--- Data block Enclosed Below ---

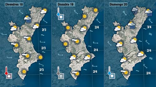 Entre divendres i dissabte ens creuarà una franja de núvols de norda sud però només de forma puntual, anecdòtica podrien deixar alguna gota. Les temperatures pujaran divendres amb l’ajuda del ponent i baixaran lleugerament dissabte.
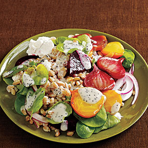 Farro Salad with Roasted Beets, Watercress, and Poppy Seed Dressing
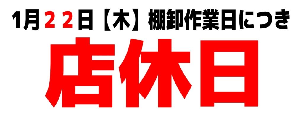 棚卸しの為店休日のお知らせ!
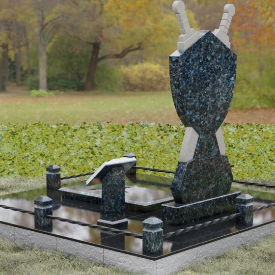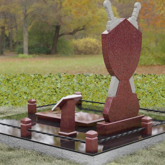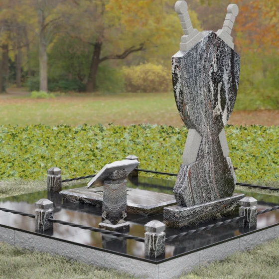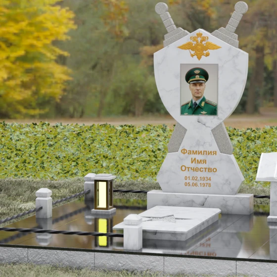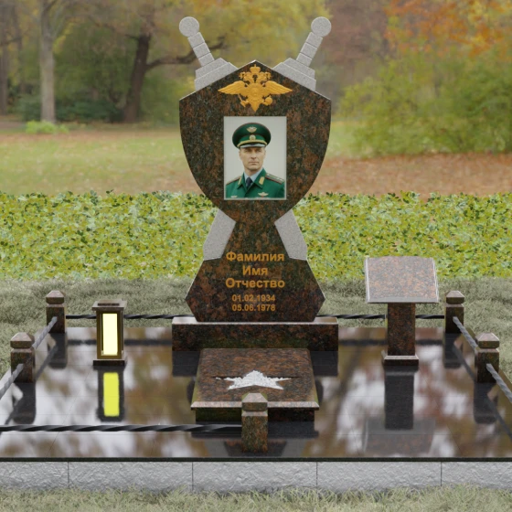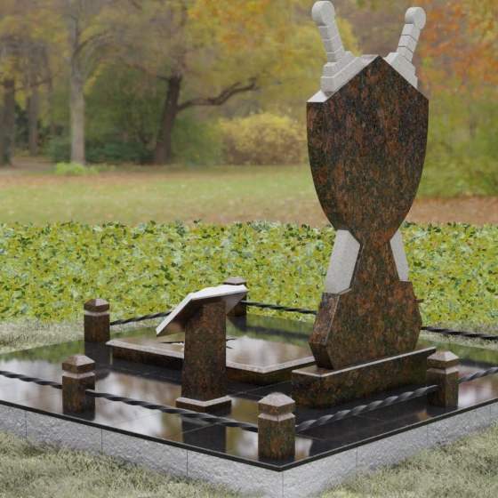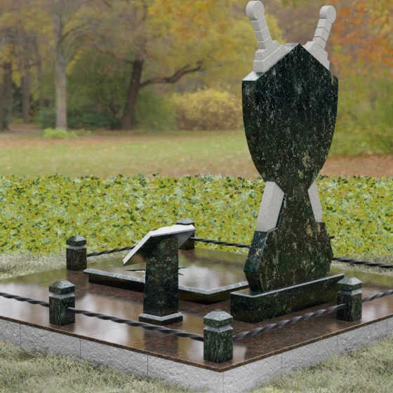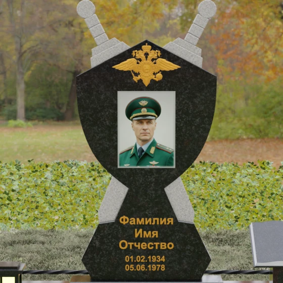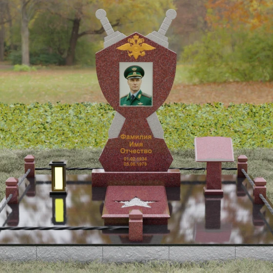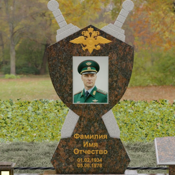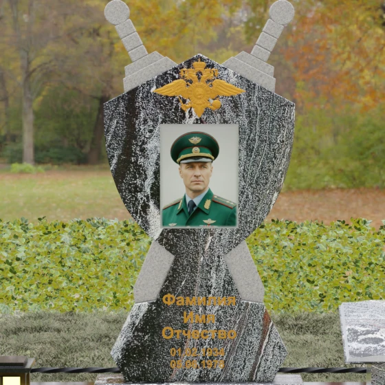 Кому подойдет: Данная мемориальная композиция разработана специально для тех, кто посвятил свою жизнь служению Отечеству. Она станет идеальным выбором для оформления места захоронения профессионального военного, сотрудника правоохранительных органов, ветерана или человека, чья жизнь была примером мужества и дисциплины. Строгие линии, военная символика и монументальность формы без лишних слов расскажут о силе характера, доблести и чести того, кто нашел здесь свой последний приют.

--- End of Enclosed Data block ---

Your reply should consist of the data, transcribed exactly, and should hold no pictures.

### Result below
 Entre divendres i dissabte ens creuarà una franja de núvols de norda sud però només de forma puntual, anecdòtica podrien deixar alguna gota. Les temperatures pujaran divendres amb l’ajuda del ponent i baixaran lleugerament dissabte.
 Farro Salad with Roasted Beets, Watercress, and Poppy Seed Dressing
 棚卸しの為店休日のお知らせ!
 Кому подойдет: Данная мемориальная композиция разработана специально для тех, кто посвятил свою жизнь служению Отечеству. Она станет идеальным выбором для оформления места захоронения профессионального военного, сотрудника правоохранительных органов, ветерана или человека, чья жизнь была примером мужества и дисциплины. Строгие линии, военная символика и монументальность формы без лишних слов расскажут о силе характера, доблести и чести того, кто нашел здесь свой последний приют.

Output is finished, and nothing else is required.